Although he couldn’t reveal details, the 34-year-old single dad said that his next appearance on the show, set for 9 p.m. Tuesday, Aug. 20, is the most dangerous he’s performed on the show so far.
“I can say this,” Johnson teased in a recent phone interview. “This next one’s big. The next one is real big and it’s the most dangerous one yet. I don’t know how it’s going to translate on camera, [but] it is by far the most dangerous stunt that I will have done to date.”
On his first appearance, Johnson climbed atop an 80 foot sway pole set up outside the show’s studios, and then, completely untethered, did a handstand. For his second performance, he doused his signature top hat with gasoline and lit it on fire, before pouring gasoline over his head, and putting the hat back on. He then climbed up onto a slack line stretched across the stage, proceeded to mount a unicycle and then juggled three batons, which also were on fire.
“This next routine, it’s the first act that I bought when I was 19 years old and I performed it for three years,” said Johnson, who now lives in Vermont. “I quit performing it partly because it’s so dangerous, and partly because other opportunities were coming up in the performing world.”
Without revealing specifics, Johnson, a 1998 Houlton High School graduate, explained that he purchased the original equipment for the act from an old Swedish performer.
“This act was considered the most dangerous act on the fair circuit,” he said. “There’s only approximately six people who ever performed it. Of those six people, two of them died.”
When Johnson found out he was advancing in the eighth season of the “AGT” competition and would be performing on New York City’s infamous Radio City Music Hall stage, he knew he had to do something big. He decided to go back to his performing roots, but since the equipment was so old — it was almost 30 years old when he purchased at age 19 — Johnson had to rebuild most of what was left.
“[I] only had had a five week window to build, test and practice on this equipment,” he said.
Johnson explained that at first, he didn’t intend to audition for “AGT.” Talent scouts for the show contacted him because they were looking for a dangerous, height defying act that could be done outside. They saw Johnson online and, “initially when they called, I just fluffed it off.”
“I don’t do this anymore … I hadn’t performed for a couple of years,” Johnson said, noting that his act is very dangerous and he’s a single father to 6-year-old Phineaus. But he didn’t shut them down either.
“Three weeks before the New Orleans audition, they called [again],” Johnson said. “I thought it would be something I’d go and do once, and I’d have fun and my friends would see it. I didn’t plan to move forward in the competition, but once you get there, the bug kind of gets you.”
He’d seen a few episodes of the show in previous seasons and even has had fellow performer friends audition, but Johnson said he’s never followed a series from start to finish.
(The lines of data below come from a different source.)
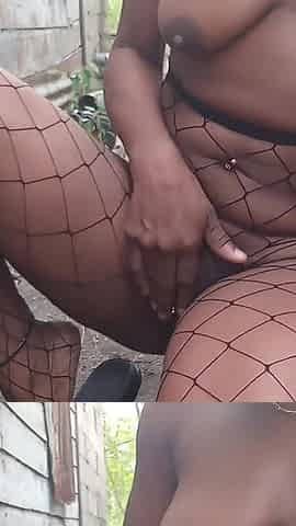 Teasing Outdoors in Fishnet Tights Rubbing My Pussy Squirt Cumming Hard
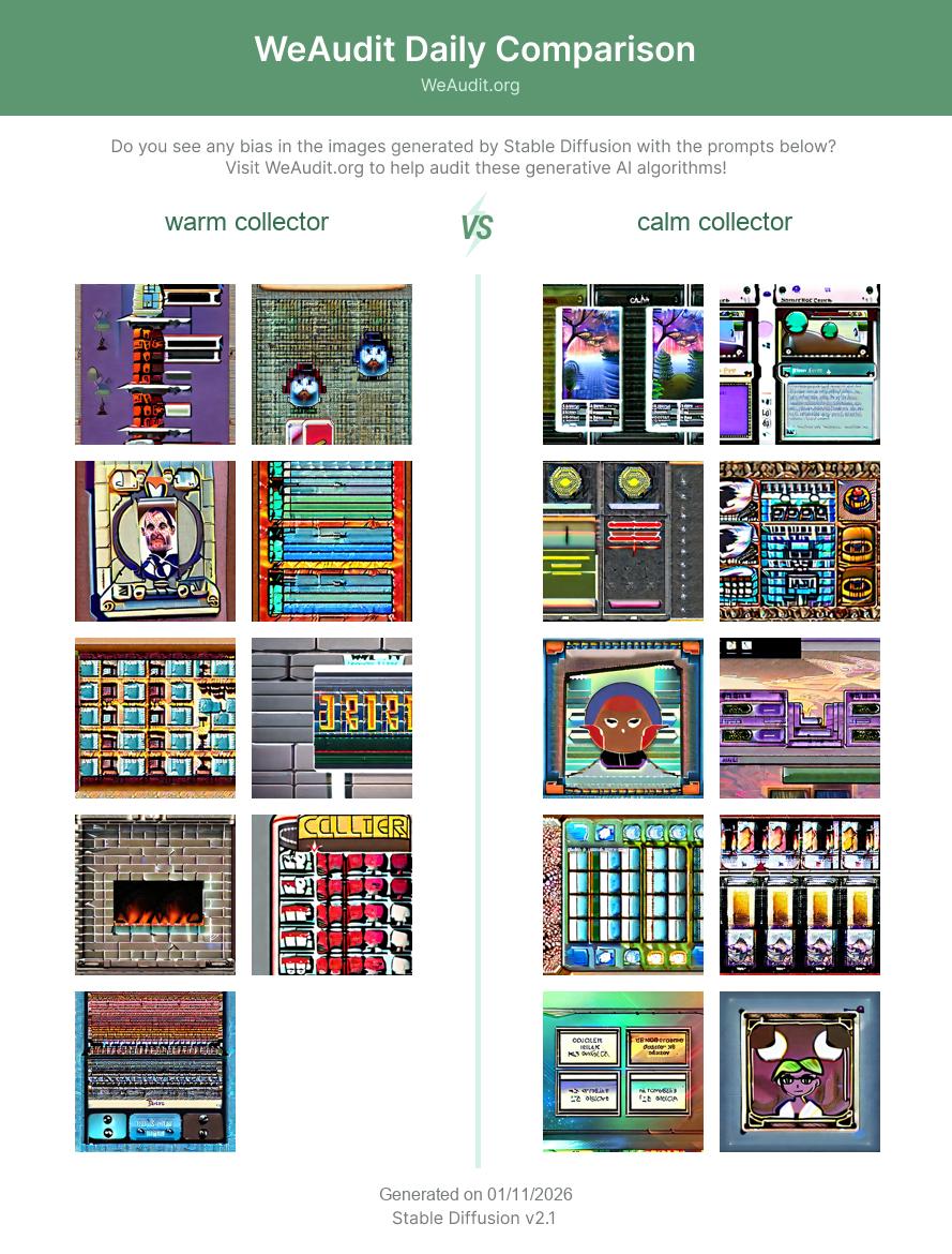 Here are some examples of images generated by Stable Diffusion with the prompts “warm collector” and “calm collector”. Generative AI models such as Stable Diffusion often exhibit biases based on race, gender identity, occupation, sexual orientation or other factors as a result of potentially biased training data. Do you see any bias in the images generated with these prompts?
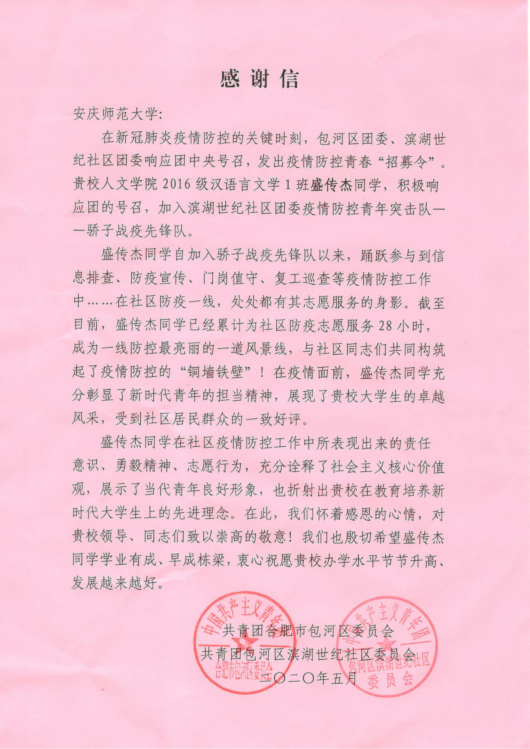 “盛传杰主动加入社区战役先锋队,在工作中展示了当代青年良好形象,也折射出贵校培养新时代大学生的先进教育理念……”6月15日,beat365平台官方网站团委收到一封来自合肥市包河区滨湖世纪社区服务中心的感谢信。信中介绍了盛传杰同学的抗疫事迹,称赞他的责任与担当,肯定beat365平台官方网站的人才培养理念,字里行间流露出真挚的感谢。不止盛传杰,在学院团委的积极号召下,疫情期间还有许多有担当的青年志愿者涌现,他们用行动向社会展现了安庆师大学生的风采。
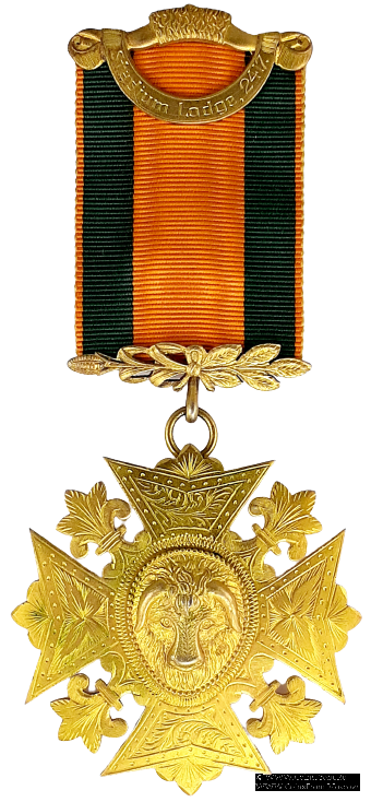 КОЛОДКИ/МЕДАЛЬОН: верхняя колодка в виде рогов буйвола с перекинутой лентой, на которой наименование и номер Ложи Stadium Lodge 2417. Нижняя колодка в виде двухстороннего букета. В левую сторону - из кукурузы, в правую - из оливковой ветви.
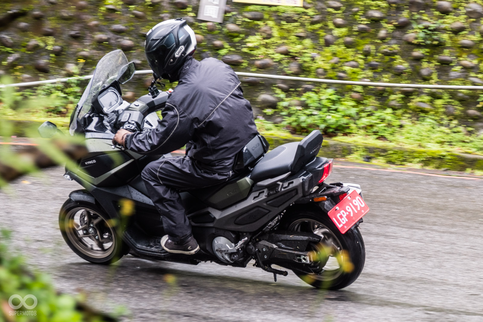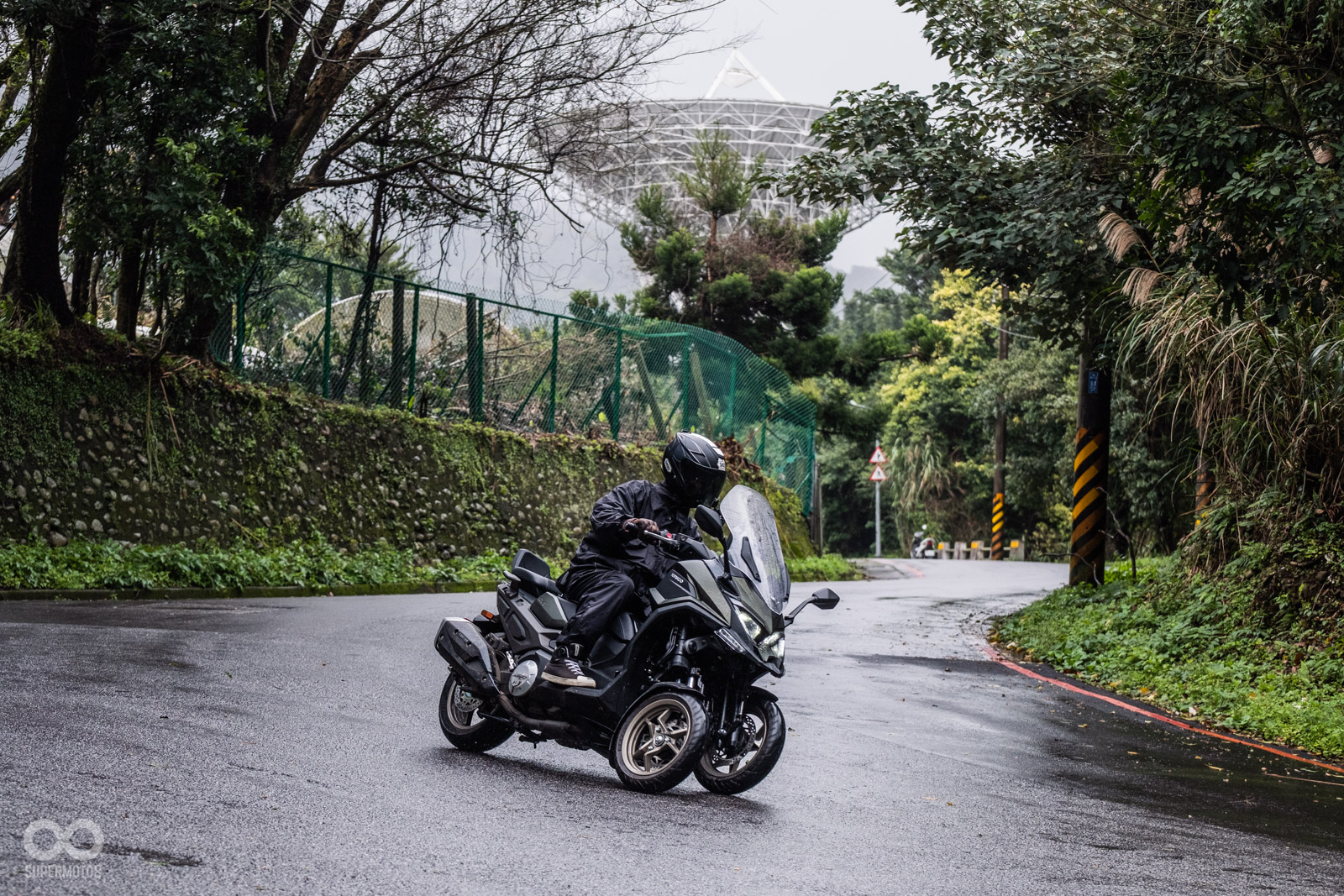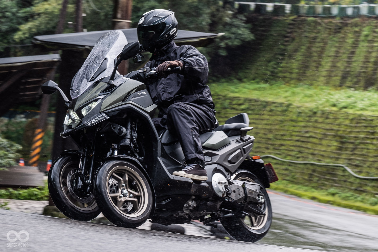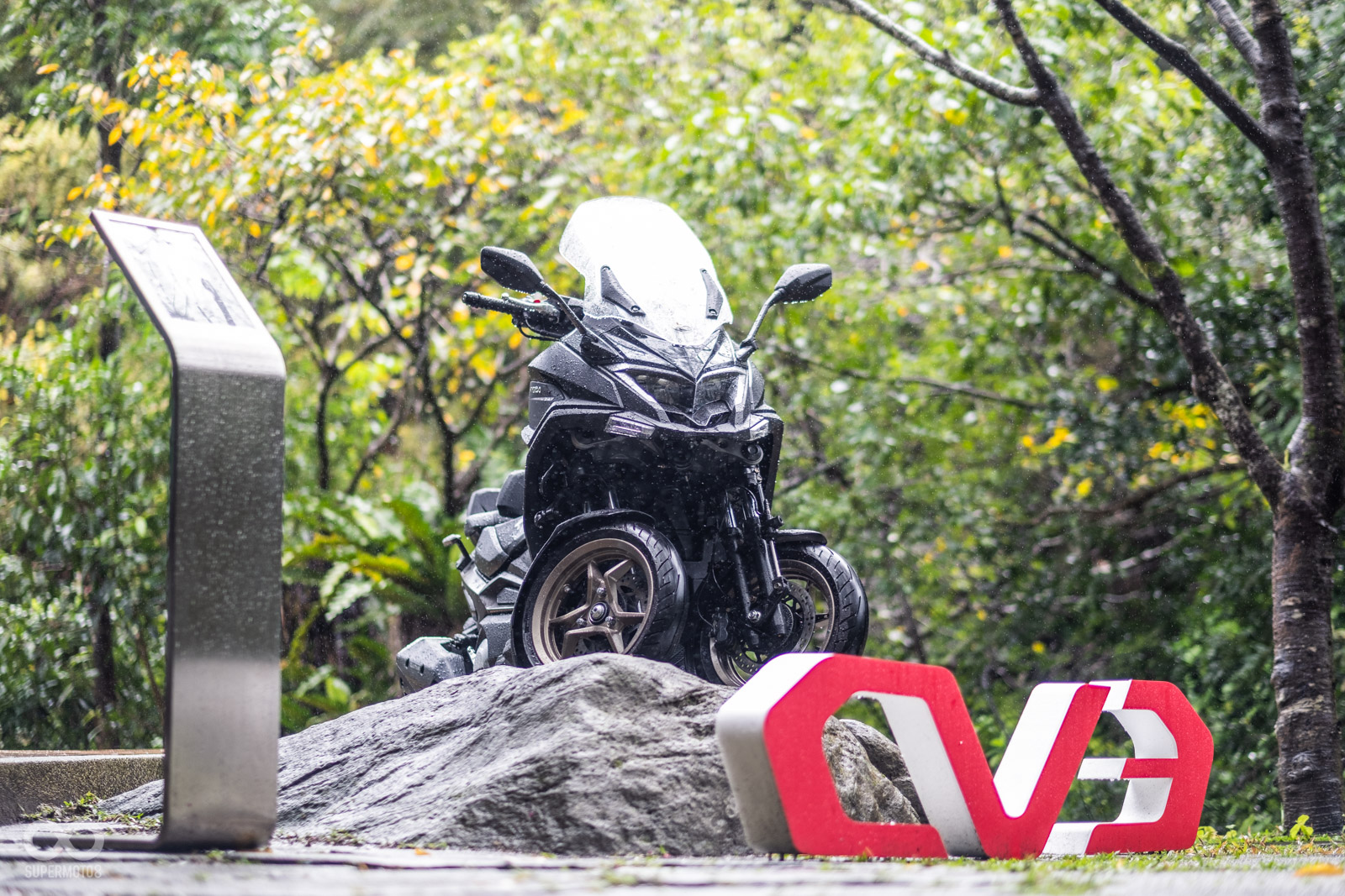 騎乘過程中壓過人孔蓋,稍微滑移的前輪立刻恢復循跡性,甚至我們同行拍攝的白牌速克達在溼滑彎道中更是明顯被CV3海放,確實在這個極端天候下,可以完全體驗到三輪車額外帶來的安定性。

“But none of my friends that I know have gotten as far as I have,” he said. “A large part of the show is the story — the people who tend to get further have a story that others can really latch on to. Some of my friends who were on the show were in their early 20s and they were circus performers. They were phenomenal performers, but they didn’t have a great backstory.”
“It’s hard to compete with [the story of] a single dad, in my case. So many people can relate to that, and that’s going to translate into votes.”
He added that many of the competitors have really touching stories, and that others without a backstory have been more talented when it comes to raw skills, but haven’t had a powerful message to help them advance.
It’s Phineaus who drives Johnson to keep going and thinking of what he can do next to wow the audience.
“Phineaus just loves it all, but at his age he doesn’t grasp the danger aspect of it,” Johnson said. “He doesn’t like it when I leave though, and that makes it really hard.”
Johnson credits support from his parents for allowing him to pursue the AGT competition.
“Without my parents support, there’s no possible way I could pull this off,” he said, noting that his mother is 95 percent terrified and tells people to vote for her son’s competition, but is 5 percent jealous.
“My father, he doesn’t say much, but he thinks it’s great that his boy dares to do this and your boy doesn’t.”